## Provided entries
───

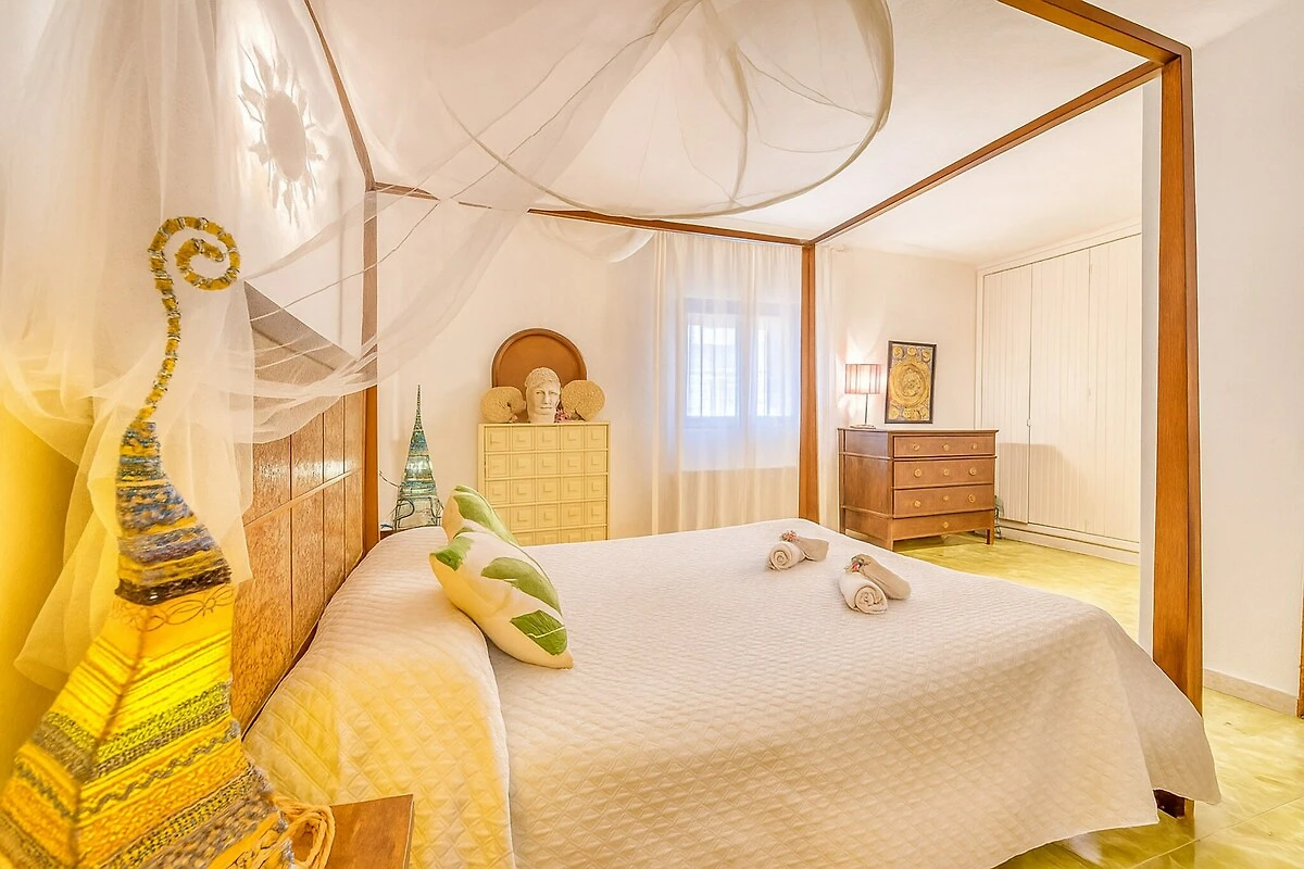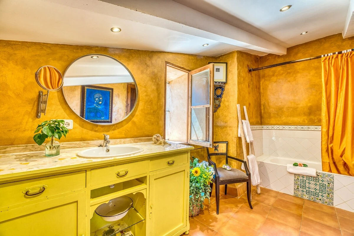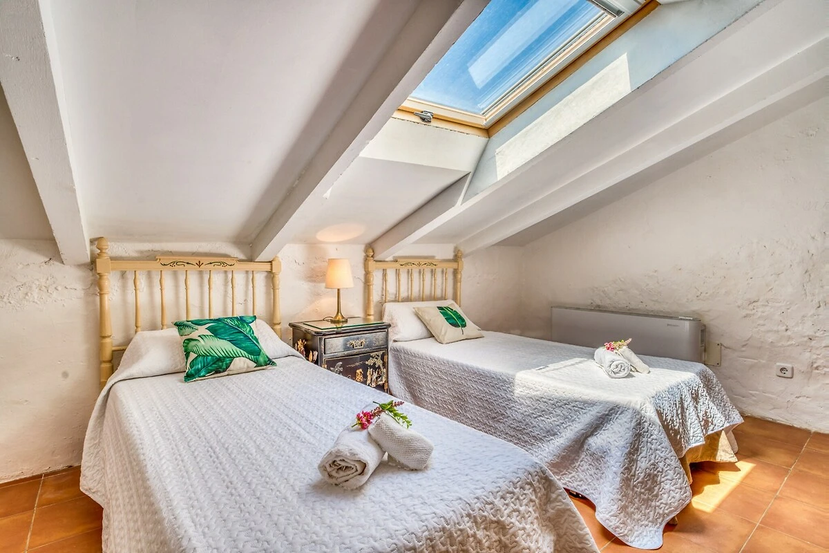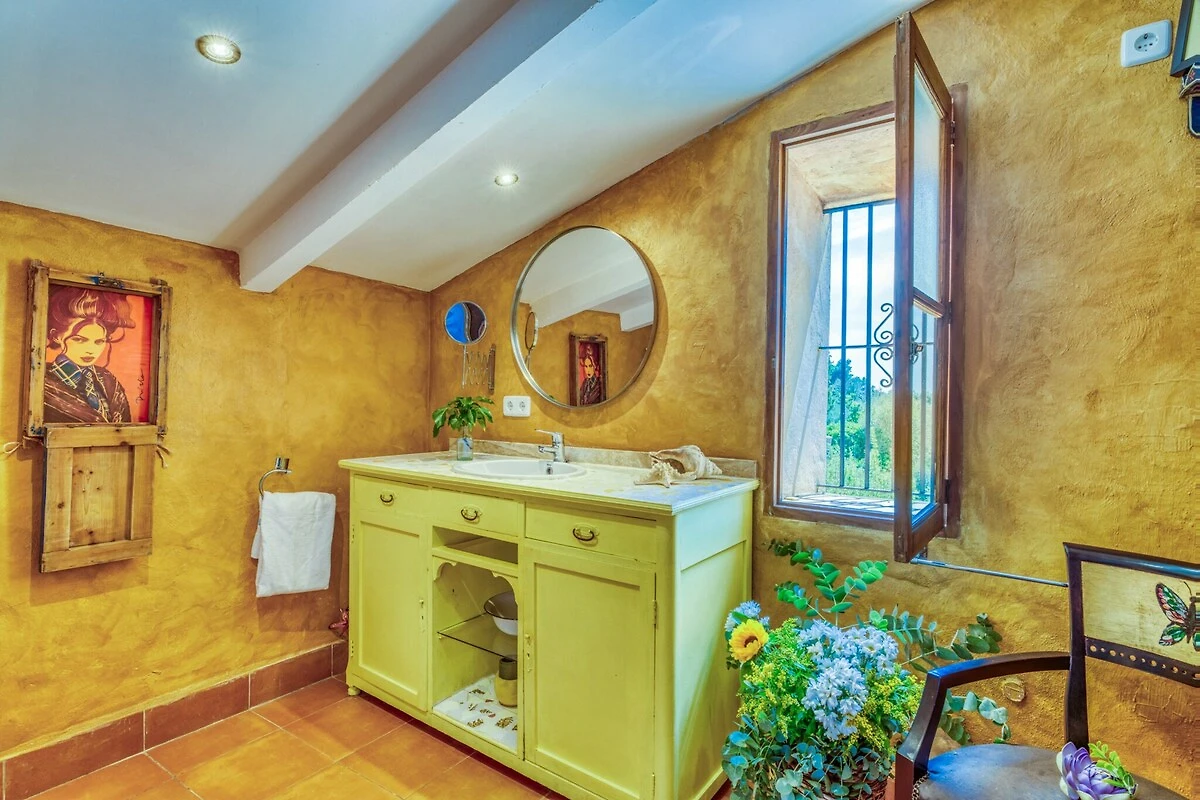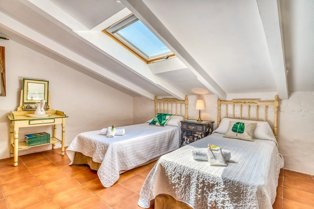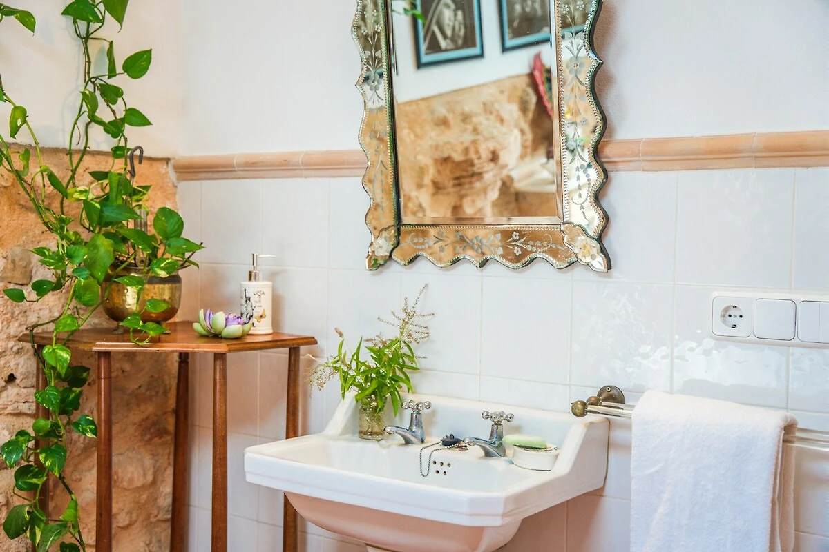 Das Innere des Anwesens besticht durch seinen rustikalen Charme und seine Funktionalität. Im Erdgeschoss befinden sich ein gemütliches Wohnzimmer mit Kamin und Esszimmer sowie eine voll ausgestattete Küche. Auf dieser Etage befinden sich zwei geräumige Schlafzimmer mit Doppelbetten und Klimaanlage sowie ein komplettes Badezimmer mit Badewanne. Im Obergeschoss befinden sich zwei weitere Schlafzimmer: eines mit Doppelbett und eines mit zwei Einzelbetten, beide ebenfalls mit Klimaanlage. Zusätzlich verfügt diese Etage über ein zweites Badezimmer mit Badewanne – ideal für mehr Gruppenkomfort. Das Anwesen liegt nur eine kurze Autofahrt von Algaida entfernt, einer charmanten Gemeinde mit Restaurants, Supermärkten und allen notwendigen Dienstleistungen. Freitags können Sie den traditionellen Markt mit lokalen Produkten besuchen. In nur einer kurzen Autofahrt erreichen Sie den Strand Can Pastilla, einen bekannten Inselstrand, der sich perfekt für einen Tag mit der Familie eignet.
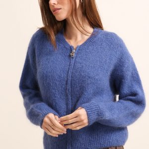 CARDIGAN NAIS COL ROND COURT ZIPPE EN MOHAIR ET LAINE (12 COULEURS)
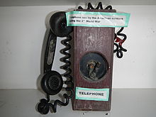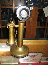 Signalling began in an appropriately primitive manner. The user alerted the other end, or the exchange operator, by whistling into the transmitter. Exchange operation soon resulted in telephones being equipped with a bell in a ringer box, first operated over a second wire, and later over the same wire, but with a condenser ( capacitor) in series with the bell coil to allow the AC ringer signal through while still blocking DC (keeping the phone " on hook"). Telephones connected to the earliest Strowger automatic exchanges had seven wires, one for the knife switch, one for each telegraph key, one for the bell, one for the push-button and two for speaking. Large wall telephones in the early 20th century usually incorporated the bell, and separate bell boxes for desk phones dwindled away in the middle of the century.
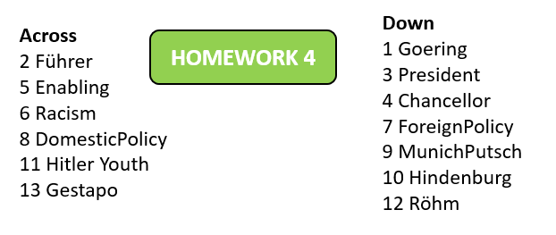 To finish off our topic on “Nazi Germany”, you are going to watch the entire History of Nazi Germany – from beginning to end (!!), as explained in this great animated video: (9:59 min long)
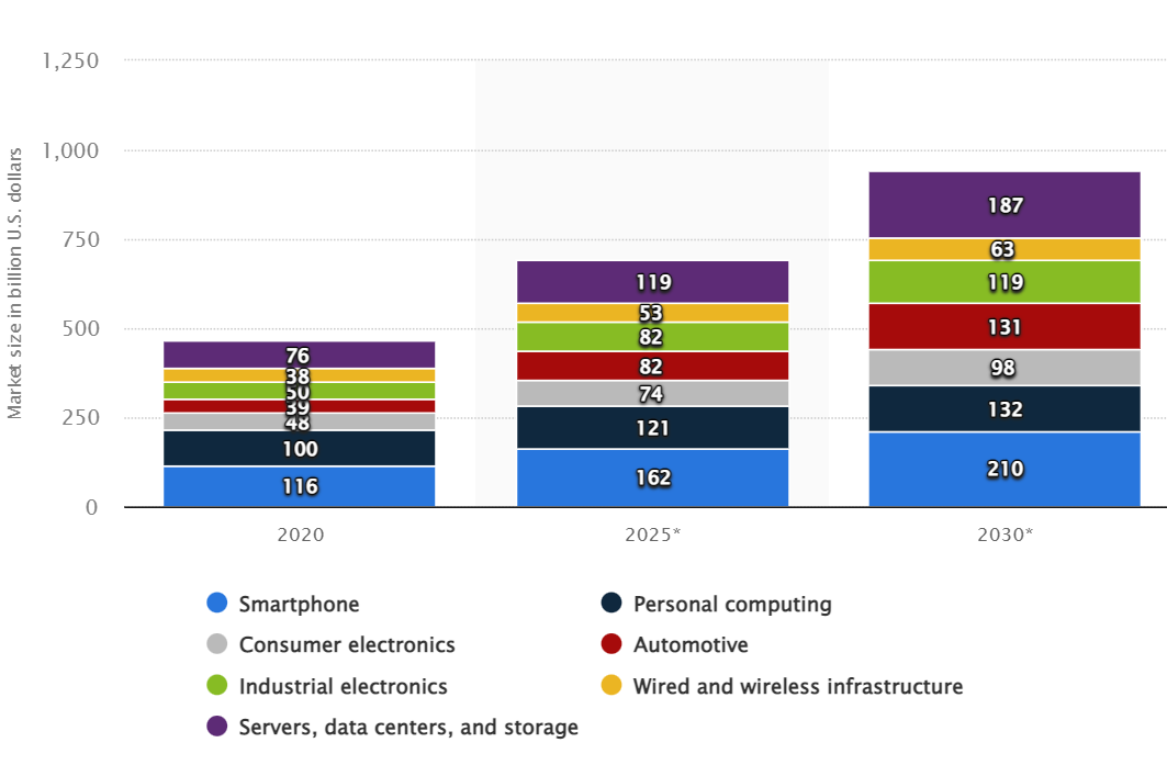 从2019年开始,前五大芯片设计巨头和Top10中后五大厂商营收开始逐渐拉开差距。这不仅是因为前五大芯片设计巨头较早地在市场上取得了优势,更是因为其所处于智能手机、数据中心、5G、PC等快速增长的市场。根据数据统计公司Statista的数据,从2020年到2030年,智能手机都是全球半导体市场中最大的细分领域,2020年智能手机半导体市场达1160亿美元,到2030年这一数字可能将变为2100亿美元。
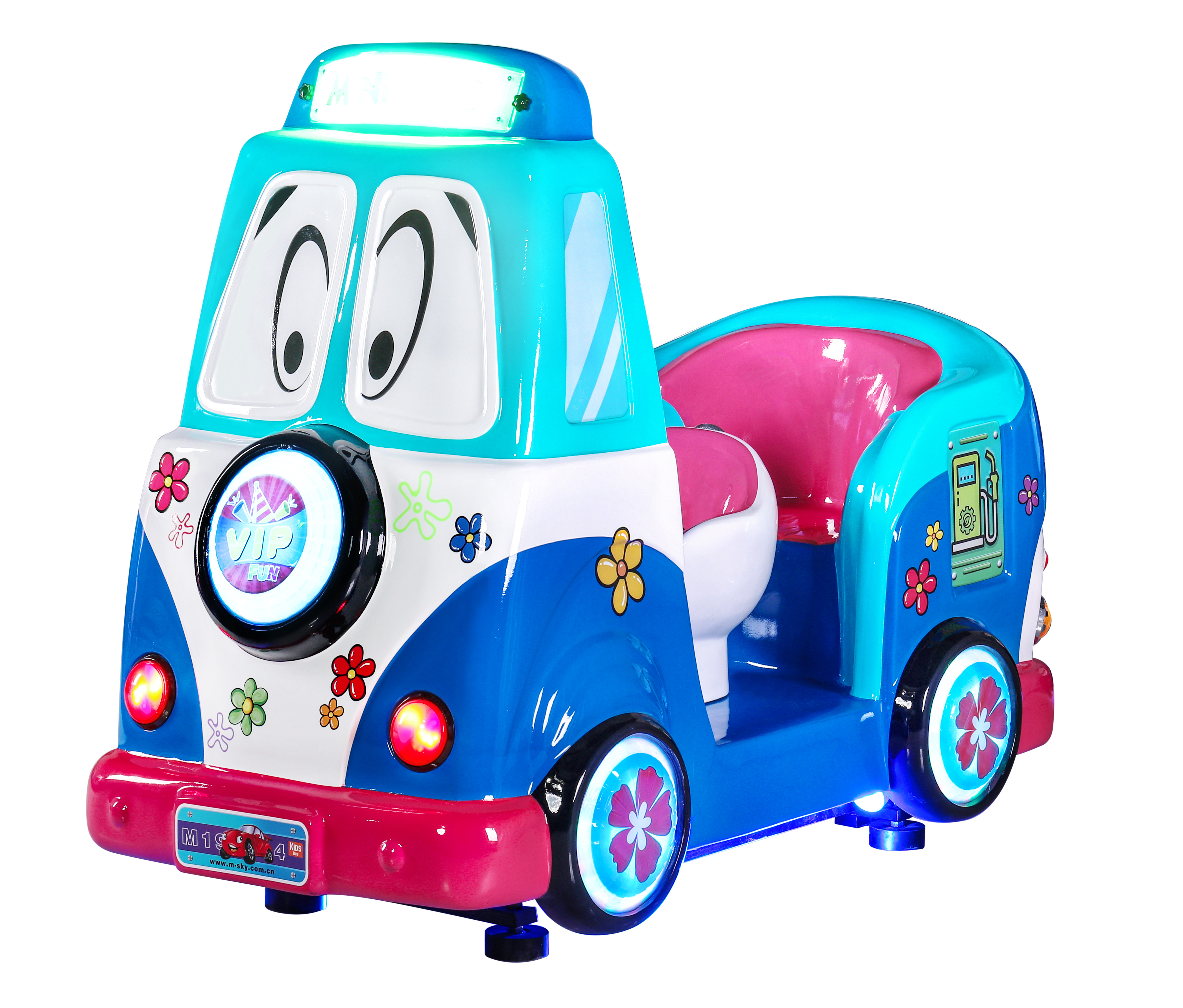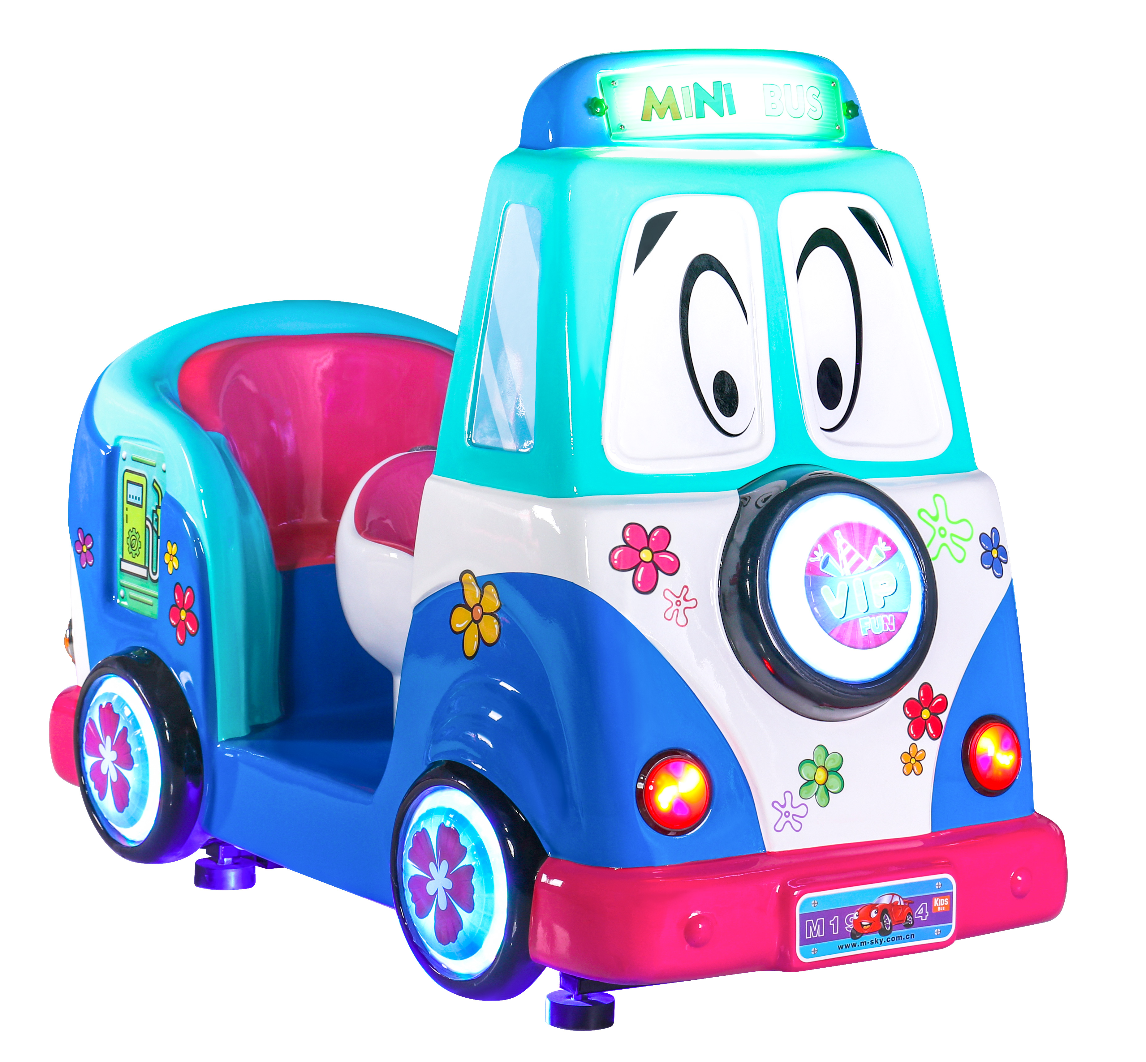 Clásico y único diseño de minibús. Interactivo con doble asiento, doble diversión. Pantalla de 17" con un juego interactivo de 3D.

───

## Work instruction
All pictures should be dropped; the lines from the one containing "Signalling began in" through the last line of the material are to be set down exactly.

## Solution for this exercise
 Signalling began in an appropriately primitive manner. The user alerted the other end, or the exchange operator, by whistling into the transmitter. Exchange operation soon resulted in telephones being equipped with a bell in a ringer box, first operated over a second wire, and later over the same wire, but with a condenser ( capacitor) in series with the bell coil to allow the AC ringer signal through while still blocking DC (keeping the phone " on hook"). Telephones connected to the earliest Strowger automatic exchanges had seven wires, one for the knife switch, one for each telegraph key, one for the bell, one for the push-button and two for speaking. Large wall telephones in the early 20th century usually incorporated the bell, and separate bell boxes for desk phones dwindled away in the middle of the century.
 To finish off our topic on “Nazi Germany”, you are going to watch the entire History of Nazi Germany – from beginning to end (!!), as explained in this great animated video: (9:59 min long)
 从2019年开始,前五大芯片设计巨头和Top10中后五大厂商营收开始逐渐拉开差距。这不仅是因为前五大芯片设计巨头较早地在市场上取得了优势,更是因为其所处于智能手机、数据中心、5G、PC等快速增长的市场。根据数据统计公司Statista的数据,从2020年到2030年,智能手机都是全球半导体市场中最大的细分领域,2020年智能手机半导体市场达1160亿美元,到2030年这一数字可能将变为2100亿美元。
 Clásico y único diseño de minibús. Interactivo con doble asiento, doble diversión. Pantalla de 17" con un juego interactivo de 3D.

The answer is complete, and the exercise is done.